From old-fashioned paper-and-ink, to e-readers, to mobile phones, how has readership and access changed?

Far more options to read via several different platforms are now available yet most people I meet claim to prefer long-form reading via the traditional book format rather than on a screen. I don’t think the way in which we read has altered much in the last decade, though that is hard to quantify. Nor do I think readers necessarily prefer shorter books, despite much received wisdom to the contrary.

How has the transition from print to digital impacted your press?

The transition continues so gauging the real rather than the imagined impact is difficult. For the time being we are delighted by publishing our books in a medium that allows people to access them wherever Internet access is available, including those who would usually be unable to acquire our publications because of government or social censorship.

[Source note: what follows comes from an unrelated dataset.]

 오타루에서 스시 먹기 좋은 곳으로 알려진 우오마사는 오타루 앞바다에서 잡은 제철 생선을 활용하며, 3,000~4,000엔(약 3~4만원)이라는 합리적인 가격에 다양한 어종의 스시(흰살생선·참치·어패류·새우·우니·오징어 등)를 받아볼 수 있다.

How has your list changed over the last ten years?

Our focus remains publishing books on Africa, Asia, and the Middle East, principally on the last two hundred years or so, but we have expanded in new areas, especially since 9/11, namely terrorism, intelligence and espionage, human rights, humanitarianism, and more on history and the history of religions, principally Islam.

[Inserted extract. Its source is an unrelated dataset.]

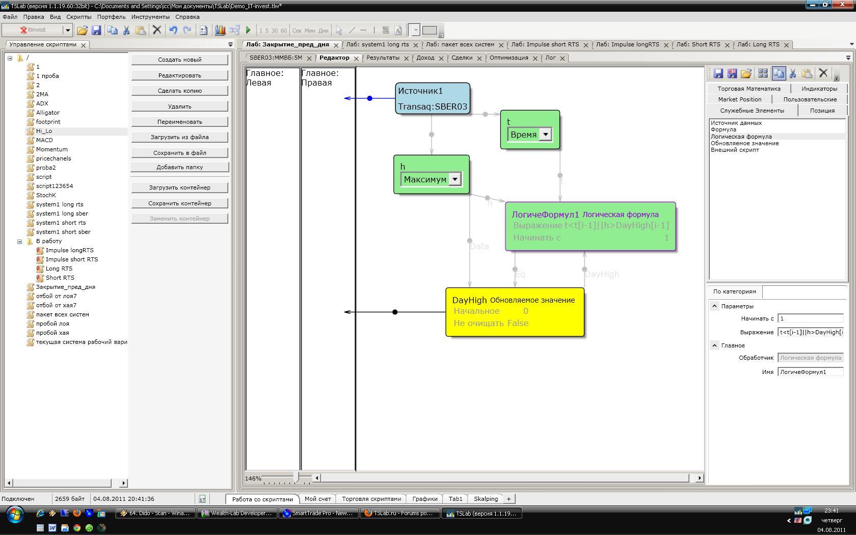 Вы же просили максимум предыдущего дня... Кстати, для этого есть еще индикатор из папки Nicolz - SessionHigh. В вашем же примере обновляемое значение не хранит (пока в данной версии) историю. А условие t<t[i-1] будет выполняться всегда на открытии сессии, так что оставьте только его, и уберите лишний вход к лог.формуле Спасибо огромное,эти индикаторы... прям то что нужно...

How have authors changed in the last ten years?

They are far more aware of their own worth as producers of cultural capital, yet they also seem more willing to help publishers publicise their books via literary festivals and social media. It is less of an ‘us and them’ relationship than it used to be and is generally a more collaborative, more cordial relationship, principally because both parties are better informed — through the Internet — about the pressures the other faces.

What new collaborations and opportunities are available to publishers?

We should invest more time than we do at present in deepening and broadening our relationships with our authors, seeking their advice and treating them as career-long partners in a shared enterprise rather than a commodity ripe for exploitation, which some publishers still do, sadly. We should also conduct far more detailed and stringent market research into the products — book manuscripts — we acquire before deciding whether to publish them at all and then later how best to publish them.

What do you wish you’d seen coming in the last ten years? What innovation caught you by surprise?

That mobile phones and text messaging and social media mean that we write to each other far more often than in the past, albeit in a weirdly truncated format.

What happens behind-the-scenes that people often miss?

The very great effort expended in properly editing a manuscript.

What is one of the greatest misconceptions about publishing?

That we chose to publish books as slowly as possible, rather than seeking to improve efficiency of production and editorial processes, which is the reality.

What do you predict for the next ten years of academic publishing?

An inexorable decline in the monograph and a rise in universities ‘publishing’ their own research and circulating it amongst themselves, and a corresponding desire on the part of many scholars to avoid that option by working with traditional publishers, especially those writers who wish to reach a readership beyond the academy.

How does your press fit into the academic publishing ecosystem?

While we may be known for publishing in certain niche areas, any interesting, well-written manuscript in the humanities and social sciences is likely to hold our attention, and we believe we can publish and promote the book that results as well as any competitor in our field.

How has your partnership with OUP impacted your press?

It has raised our profile, especially among the academics who write and consume most of our publications; it has given us greater leverage in commissioning and acquiring new titles; and it has opened up an entirely new means of reaching readers via the Oxford Scholarship Online initiative, in which Hurst is a partner press for books bearing the OUP imprint.